Diet can play an important role in lowering your cholesterol -- specifically, low-density lipoprotein (LDL) cholesterol, which is also known as “bad cholesterol.” In contrast to what many believe, the biggest influence on blood
cholesterol levels is the mix of fats and carbohydrates in your diet—not the amount of cholesterol you eat from food. Here is what to focus on when working to lower LDL cholesterol through diet.
Foods to avoid to lower cholesterol
Saturated fat is found in fatty meats, poultry skin, bacon, sausage, whole milk, cream, butter and other animal products. Aim to eat 7% or less of the day’s total calories from saturated fat. That means 14 grams or less per day if you consume 2,000 calories per day.
Trans fats are found in processed foods such as cookies, chips, cakes and fried foods. If you notice that a product has “partially hydrogenated oils” in the ingredients list, it likely has trans fat, even if it states 0 grams trans fat on the nutrition facts panel. A manufacturer can claim 0 grams trans fat if the product has less than or equal to 0.5 grams of trans fat per serving.
Foods to eat to lower cholesterol
Eat more omega-3 fats (a type of heart-healthy polyunsaturated fat)
Alpha Linolenic Acid (ALA) is found in canola and soybean oil,
walnuts and
flaxseed. The flaxseed must be ground or cracked for ALA to be absorbed.
EPA and DHA are found in fatty fish, such as salmon, mackerel, tuna, and sardines. These omega-3 fats are the most heart healthy. Aim for two 4-ounce servings of fatty fish per week.
Fish oil supplements: if you do not eat fish, it is recommended that you get 1 gram of EPA and DHA combined per day from
fish oil supplements.
The following chart explains the different types of fat and their effect on cholesterol levels. You can use this as a cheat sheet when selecting which types of fat to include in your diet.
The Impacts of Different Types of Fats on Cholesterol
Eat more fiber
There are two
types of fiber: soluble and insoluble. Soluble fiber is responsible for the cholesterol-lowering effects of fiber.
Aim to eat 25 to 30 grams of
fiber each day. Be sure to increase your fiber intake slowly and to drink plenty of fluids in order to avoid gas and bloating.

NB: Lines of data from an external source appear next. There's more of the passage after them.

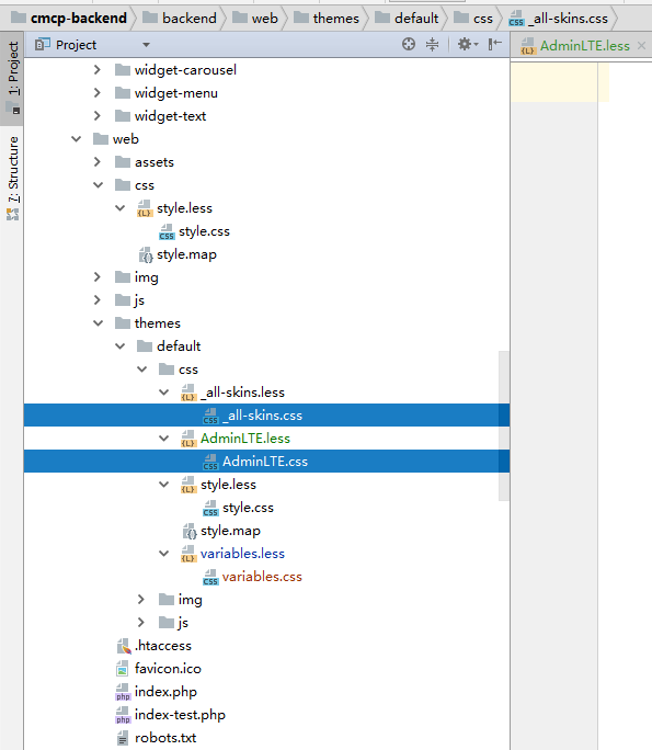 6、新建:\backend\web\themes\default\css\AdminLTE.less,如图4
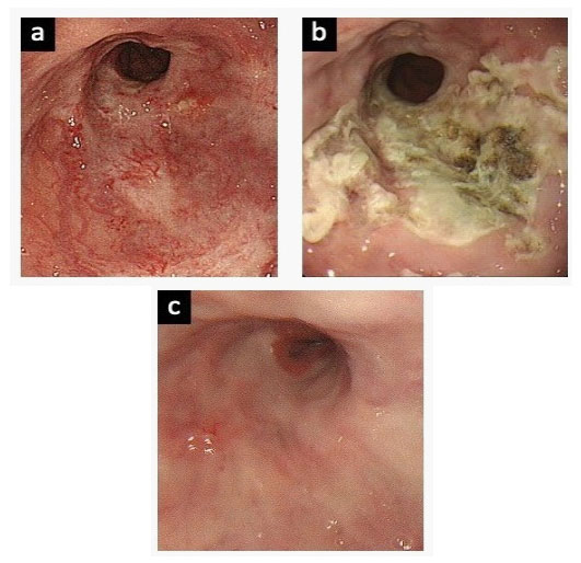 A 71-year-old woman presented to our department with a 3-day history of passing melena. The patient reported not eating or drinking much that day. She had no complaints of fever, abdominal pain, or weight loss/gain. She was a non-smoker and non-drinker. She had no history of coming into contact with sick people or antibiotic drug use. Her past medical history was notable for localized scleroderma (also known as morphea) and arthritis. Regular medications included bucillamine, beraprost sodium, and celecoxib. At presentation, her vital signs were as follows: temperature, 36.6°C; heart rate, 64 beats/min; respiratory rate, 14 breaths/min; and blood pressure, 111/77 mmHg. On examination, the patient complained of mild discomfort but no acute distress. Her abdomen was soft and nondistended with positive bowel sounds.
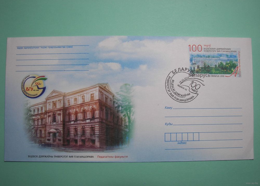 100 лет Витебскому университету. им. П.Машерова. Спец.гашение. 2010г.
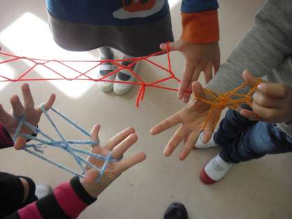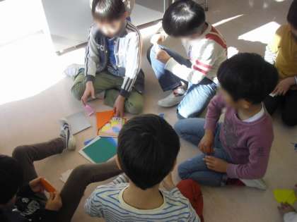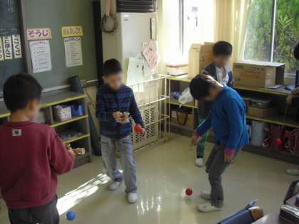今日、一年生は、新一年生との交流会に向け、1,2組合同で準備をしました。担当の昔遊びを決め、練習しました。
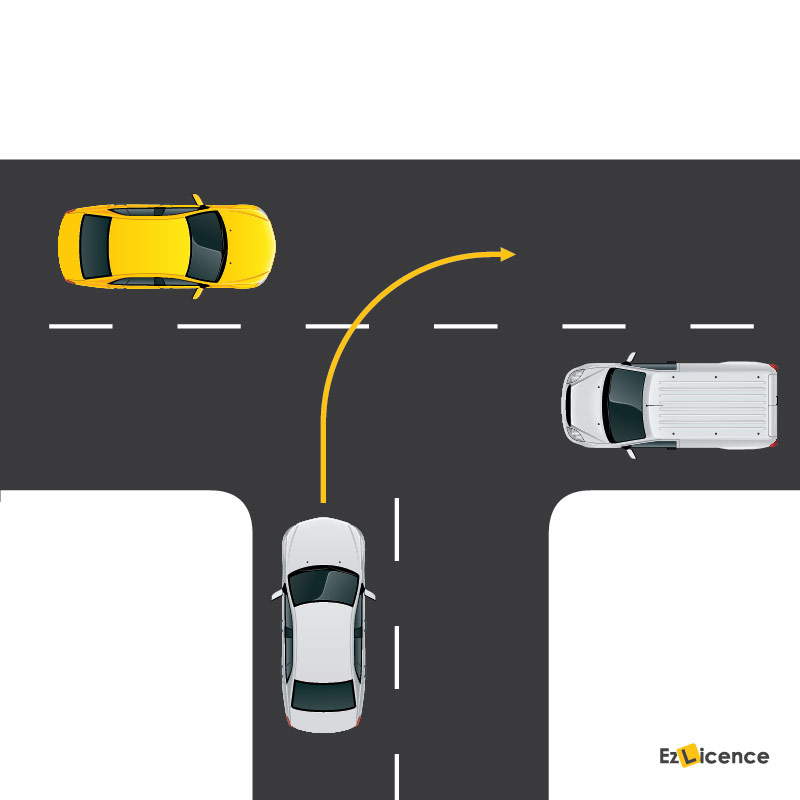 If turning right at a T-intersection (as shown) must you give way to vehicles approaching from both the left and right?
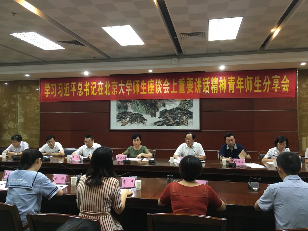 5月16日下午,学校在大学城校区办公楼102会议室举行青年师生学习“习近平总书记在北京大学师生座谈会上重要讲话精神”分享会。学校党委书记张建华、副书记翟理祥,部分管理部门、二级学院负责人,第22届团委委员以及青年师生代表参加了会议。

Fruits, vegetables, whole grains and dried beans are great
sources of fiber. Vegetables with lots of soluble fiber include broccoli, Brussels sprouts, acorn squash, lima beans, okra and eggplant.
Increase fiber intake by mixing ground flaxseed,
oat bran or
rice bran into cereal and muffins.
When eating to lower your cholesterol, it is often helpful to think about what to
add to your diet rather on what to remove. Focus on adding in plenty of healthy fats, fruits, vegetables, whole grains and lean proteins and be prepared to see an improvement over time!